Mr. Chair, another deeply problematic aspect of Bill C-51 that has not been touched are changes to the Immigration and Refugee Protection Act that undid important protections for named persons in security certificate proceedings. Bill C-51 limited the requirement for disclosure of relevant information to special advocates and introduced a series of procedural barriers which further disadvantaged the rights of the named person.
In our legal challenge, CCLA has argued that these amendments are an unconstitutional violation of the section 7 guarantee to a hearing before an independent and impartial tribunal.
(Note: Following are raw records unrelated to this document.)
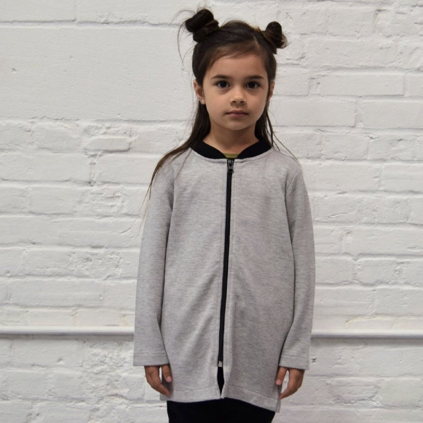 A perfect and cozy long line jacket featuring a grey base and black collar, side hem pockets and zip front.
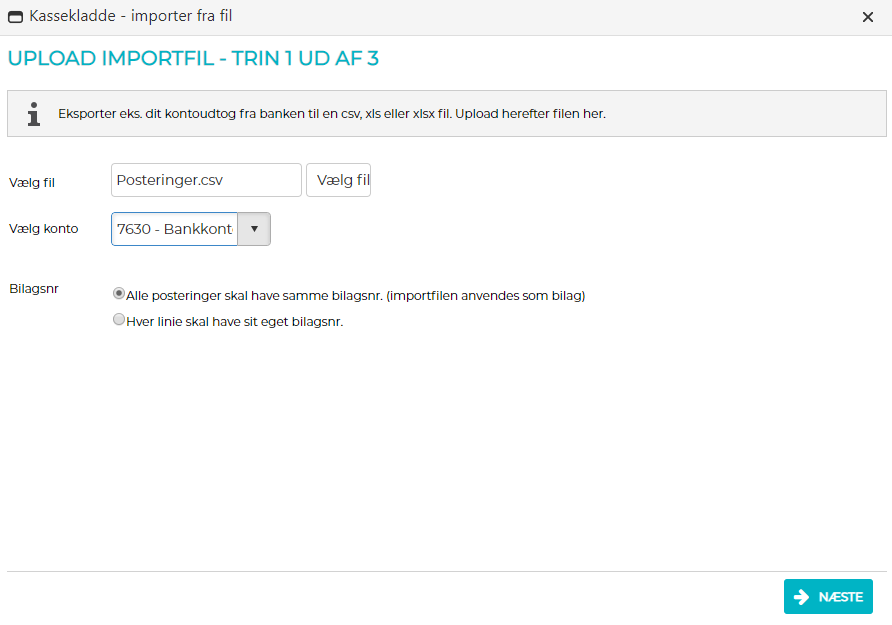 2) Vælg nu filen som skal importeres og vælg herefter hvilken konto som posteringerne vedrører. Vælg så om posteringerne skal importeres med hvert sit unikke bilagsnr., eller om alle posteringer skal have samme bilagsnr. og dermed bruge importfilen som bilag. Når alle valg er foretaget, så klik på "Næste".
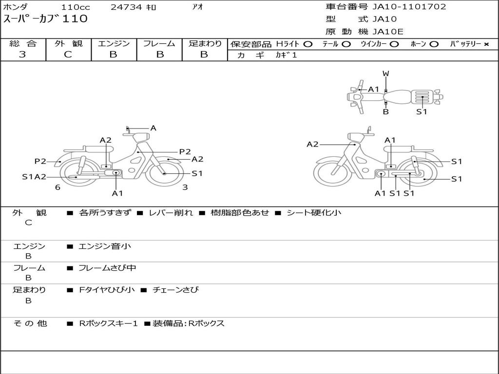 | Номер рамы / VIN | JA10-1101702 |
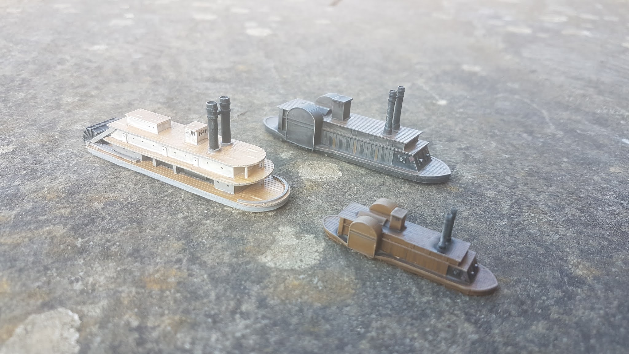 Having worked on some 3D models of stern wheel steamers for the ACW I decided to apply my growing skills to some side wheelers, and "upscaled" some of the models to 1/600. Latest adventures on my blog here: link

Our Supreme Court has affirmed that the individual named in the security certificate “must be given an opportunity to know the case to meet, and an opportunity to meet the case”, an impossible exercise in the absence of a coherent legal framework for full disclosure.
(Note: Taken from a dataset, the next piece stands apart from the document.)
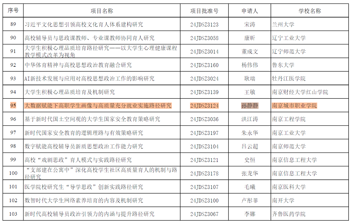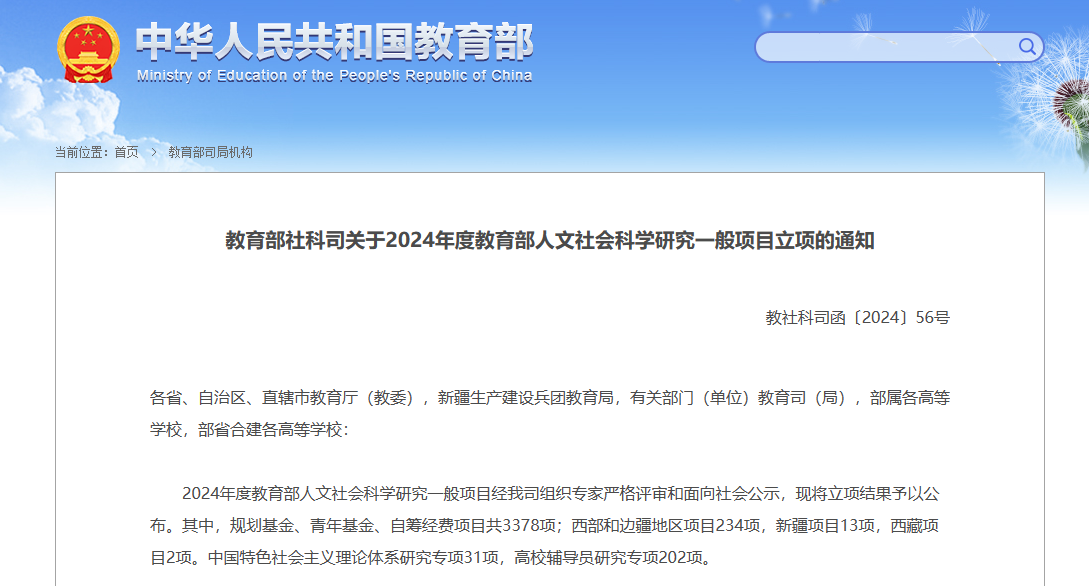 近日,教育部社科司公布了2024年度教育部人文社会科学研究一般项目立项结果,华球(中国)官方数字财商学院辅导员孙静静老师牵头申报的“大数据赋能下高职学生画像与高质量充分就业实施路径研究”获批2024年度教育部人文社会科学研究专项任务项目(高校辅导员研究)立项。

This committee recognized as much in May 2017 when it recommended amending IRPA in order to give special advocates full access to complete security certificate files. We urge that Bill C-59 be amended to correct this issue.
We move now to the new elements of the new national security landscape that Bill C-59 has introduced. Our written submission will address a much wider range of issues in relation to the CSE Act, but we would like to highlight two parts today.
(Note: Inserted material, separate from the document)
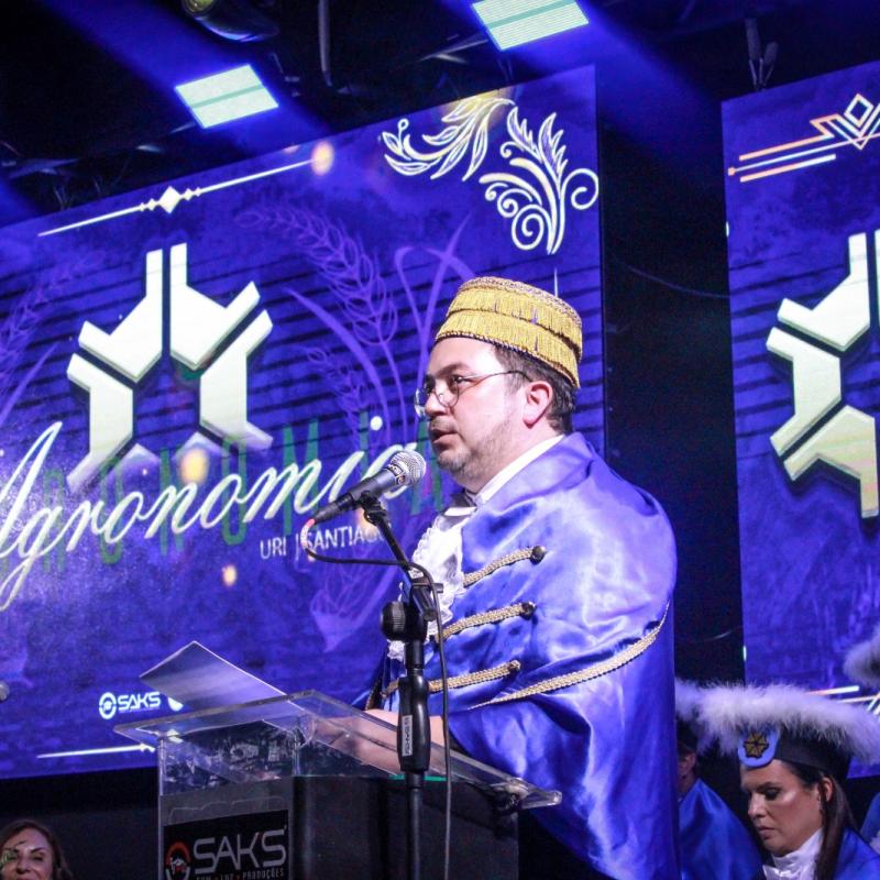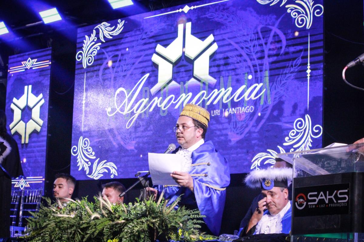 Ao final da solenidade, o Diretor Acadêmico da URI Santiago, Prof. Izaque Machado Ribeiro, realizou seu pronunciamento, dirigindo palavras de reconhecimento e incentivo aos novos(as) engenheiros(as) agrônomos(as), destacando a importância da profissão para o desenvolvimento regional, a segurança alimentar e a sustentabilidade.

First, the proposed active and defensive cyber-operations aspects of the CSE's mandate essentially allow the establishment to engage in secret and largely unconstrained state-sponsored hacking and disruption. The limitation of not directing these activities at Canadian infrastructure is clearly inadequate given the inherently interconnected nature of the digital ecosystem. Such activities are also bound to impact the privacy expression and security interests of Canadians and persons in Canada, and may threaten the integrity of communications tools such as encryption and anonymity software that are vital for the protection of human rights in the digital age.
In the case of CSIS's disruption powers, which are in some ways analogous to these new aspects of CSE's mandate, the government has set out a complex framework for prior judicial authorization and a longer list of prohibited activities. While we do not concede the adequacy of that framework, it is notable that, in contrast, CSE's cyber-operations activities involve no meaningful privacy protections, require only secret ministerial authorization, and involve only after-the-fact review.
Second, while the majority of CSE's activities cannot be directed at Canadians or persons in Canada, this is an inadequate safeguard against CSE's overreach in the face of unselected bulk collection. Bill C-59 exacerbates this privacy risk by creating a series of exceptions for the collection of Canadian data, including one which allows its acquisition, use, analysis, retention, and disclosure, so long as it is publicly available.
This definition is so broad that it plausibly includes information in which individuals have a strong privacy interest, and potentially allows for the collection of private data obtained by hacks, leaks, or other illicit means. Furthermore, it may encourage the creation of grey markets for data that would otherwise never have been available to government—a client with deep pockets.
The government has failed to demonstrate why this exception, as worded, is necessary or proportionate, or what risk it is meant to mitigate in the first place.